SOURCE RECORDS »

▶

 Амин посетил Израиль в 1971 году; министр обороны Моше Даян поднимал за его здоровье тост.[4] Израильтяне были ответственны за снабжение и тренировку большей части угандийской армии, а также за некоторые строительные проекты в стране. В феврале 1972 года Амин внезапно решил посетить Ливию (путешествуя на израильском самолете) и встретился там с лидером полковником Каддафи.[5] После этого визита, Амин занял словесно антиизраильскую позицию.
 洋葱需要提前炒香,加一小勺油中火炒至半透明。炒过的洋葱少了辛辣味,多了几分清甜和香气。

◀
▶

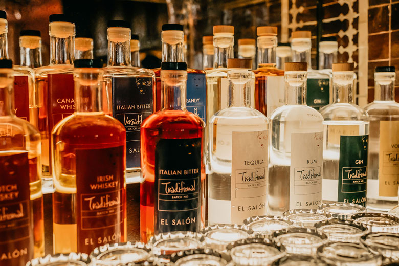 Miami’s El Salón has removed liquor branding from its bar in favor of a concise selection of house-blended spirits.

◀
▶

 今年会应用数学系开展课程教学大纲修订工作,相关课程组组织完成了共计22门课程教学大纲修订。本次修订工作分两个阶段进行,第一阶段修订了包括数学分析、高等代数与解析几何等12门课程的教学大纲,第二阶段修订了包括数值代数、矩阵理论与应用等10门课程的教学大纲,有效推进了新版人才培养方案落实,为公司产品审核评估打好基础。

◀

YOUR TASK » Your answer should be the lines of the listing above between the line holding "Амин посетил Израиль" and the line holding "洋葱需要提前炒香,加一小勺油", inclusive, restated word for word and alone.

EXPECTED ANSWER »
 Амин посетил Израиль в 1971 году; министр обороны Моше Даян поднимал за его здоровье тост.[4] Израильтяне были ответственны за снабжение и тренировку большей части угандийской армии, а также за некоторые строительные проекты в стране. В феврале 1972 года Амин внезапно решил посетить Ливию (путешествуя на израильском самолете) и встретился там с лидером полковником Каддафи.[5] После этого визита, Амин занял словесно антиизраильскую позицию.
 洋葱需要提前炒香,加一小勺油中火炒至半透明。炒过的洋葱少了辛辣味,多了几分清甜和香气。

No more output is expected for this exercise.